I don’t currently have a good answer for you re the 2nd encoder. This is something that’s done in other industries too (high precision PnP for instance), but we don’t support it yet.

beautiful! cant wait to try it!

I finally managed to test the trajectory planning on a serious setup (rather heavy corexy design where both motors are used)

For starters , can someone explain how to tune A_per_css ? I left default value and this might partly explain what’s below

Tested on odrive 3.5 48v with FW 0.4.8
The basic concept is that I use absolute encoder positions as targets. I then scale down vel_limit / accel_limit / decel_limit of the motor that has less counts to travel so that both motors finish moving at the same time; and thus make the head move in straight line moves.

I basically issue mov_to_pos commands (one per motor). Then I regularly poll for encoder counts to check that they are close enough to the target

I am facing weird behaviors such as

  • Two motors are not in sync (typically the head will not move in straight line). I have seen this in particular for some combination of moves from point B to A, but not point A to B ?!?
  • Experienced error 0x40
  • Sometimes, after a command was correctly execuyed by both motors, one motor would start moving alone slowly ! (As if it had received a command I did not issue !?)
  • All of the sudden during the execution both motors would make scary moves (sudden high acceleration and high speed) instead of executing expected behavior

It’s a bit hard to describe without video and I cannot entirely reproduce those behavior at will.

For now I stick to using my own planner but I would rather use the built-in one :confused:

Curious… very curious.

Please run the liveplotter while testing, with:

  • Target
  • Position, Velocity estimates

For one motor to start. The graphs tell us a lot about what the planner is trying to do.

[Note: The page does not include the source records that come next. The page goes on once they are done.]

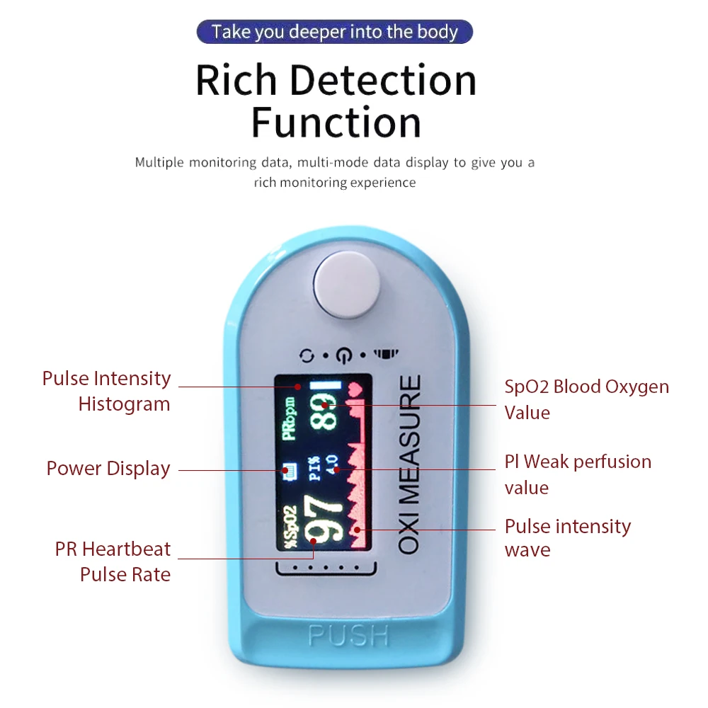 Особенности:1. Этот оксиметр имеет показания экрана в двух направлениях, легко понять и самоизмерять с помощью одной кнопки.2. Этот оксиметр принимает силикагель палец плесень, которая является мягкой и удобной, и не будет иметь никаких неудобных ощущений в процессе измерения.3. Этот оксиметр имеет функцию автоматического отключения, которая автоматически отключится, когда палец покинет инструмент в течение 8 секунд.4. Этот оксиметр принимает светодиодный четырехцветный экран, который является компактным и легким, удобно носить с собой и может быть измерен в любое время и в любом месте.5. Этот оксиметр очень прост в использовании, его можно открыть с помощью кнопки, и результат измерения может быть получен за 8 секунд.Технические характеристики:Материал: АБС-пластикЦвет: белыйЭлектропитание: сухая ячейка (не включает)Номинальное напряжение: 1,5 вРазмер упаковки: 7,6*5,2*3,7 см/2,99*2,04 * 1.45inВес упаковки: 36g/1,26 ozПримечание:Пожалуйста, внимательно прочитайте руководство продукта перед использованием.В комплект входит:1 * пульса и уровня кислорода в крови1 * веревка1 * Руководство пользователя
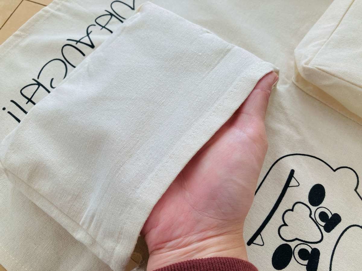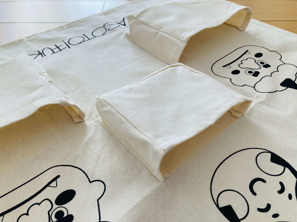 3つのポケットは広めのマチがあって、型崩れしにくい生地になっています。夢中で豆まきをしても安心ですね♪
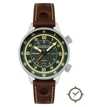 A Pilot watch with a bold 54.5mm presence on the wrist, crafted from stainless steel featuring a green dial with a unique grained/pebbled texture finish.
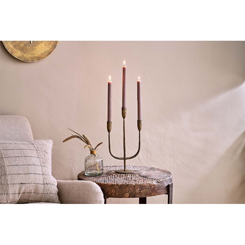 These elegant candelabras are crafted from iron using traditional methods. They have a rustic matt gold finish that is achieved during the soldering process. They make a striking addition to an evening dining table or displayed on a sideboard in a living space or hallway.
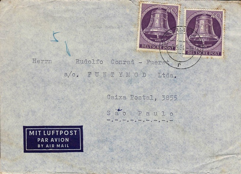 Ano 1954 – Envelope circulado de Darmstadt para São Paulo. 2 selos Michel 105. Peça com restrição na parte superior pontos de ferrugem. 290 Euros
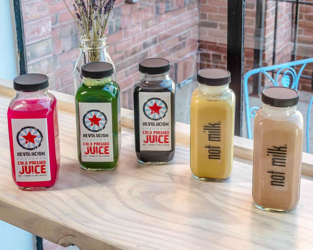 What is the address of Revolucion Coffee + Juice in San Antonio?
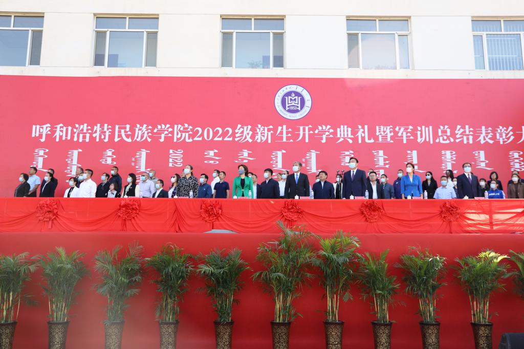 黨委副書記、校長喬彪以《不負青春凌云志 踔厲奮發啟新程》為題發表了講話,他代表全體師生員工向加入呼和浩特民族學院大家庭的2022級新生表示最熱烈的歡迎。他向新生提了四點期望:一是希望大家厚植家國情懷,爭做志存高遠的愛國青年。把個人小我融入到國家大我,堅定不移聽黨話、跟黨走,不斷增強做中國人的志氣、骨氣、底氣,追求更有高度、更有境界的人生。二是希望大家練就過硬本領,爭做篤實力行的有為學子。珍惜時光,刻苦學習,打牢基礎,夯實專業,堅持知行合一,做實干家,當奮斗者,讓青春在不懈奮斗中綻放光彩。三是希望大家塑造優良品格,爭做積極向上的時代新人。迎難而上、自強不息,不斷塑造更加優秀的自己。修身立德、錘煉品格,爭做社會主義核心價值觀的堅定信仰者、積極傳播者、模范踐行者。四是希望大家凝聚團結力量,爭做團結奮進的先進模范。繼承和發揚學校民族團結進步的優良傳統,牢固樹立休戚與共、榮辱與共、生死與共、命運與共的共同體理念,弘揚團結奮斗精神,在交往中相互了解,在交流中相互理解,在交融中相互欣賞,像石榴籽那樣緊緊抱在一起,共同成長進步。

I didn’t know you could use another software connection to the same odrive.
I poll for encoder estimates and motor errors every xx milliseconds. Can’t that polling and liveplotting interfere each other?

Can I have some guidance about tuning the a_per_css parameter? The manual claims that it should be tuned when mass/load is involved, which is the case here.

As a side note, I stumbled upon a cnc-made steel fly wheel that l intend to reuse to test the trajectory planner outside my corexy build

A_per_css is just inertia. Amps per count/s^2. So if you apply 1amp, how many counts / second^2 does the motor accelerate at? Or rather, the inverse.

I’m confused.

So in order to correctly configure it, I should somehow apply a 1A duty cycle, make a slowmo video to accurately measure the time it took to travel say 50cm, then assume the acceleration is somehow linear, deduct a counts/second^2, then inverse the value, and bingo: i have the right A_per_css ?

Would you have a better procedure ?

Yeah, pretty much. You don’t have to use 1A though, you can use whatever.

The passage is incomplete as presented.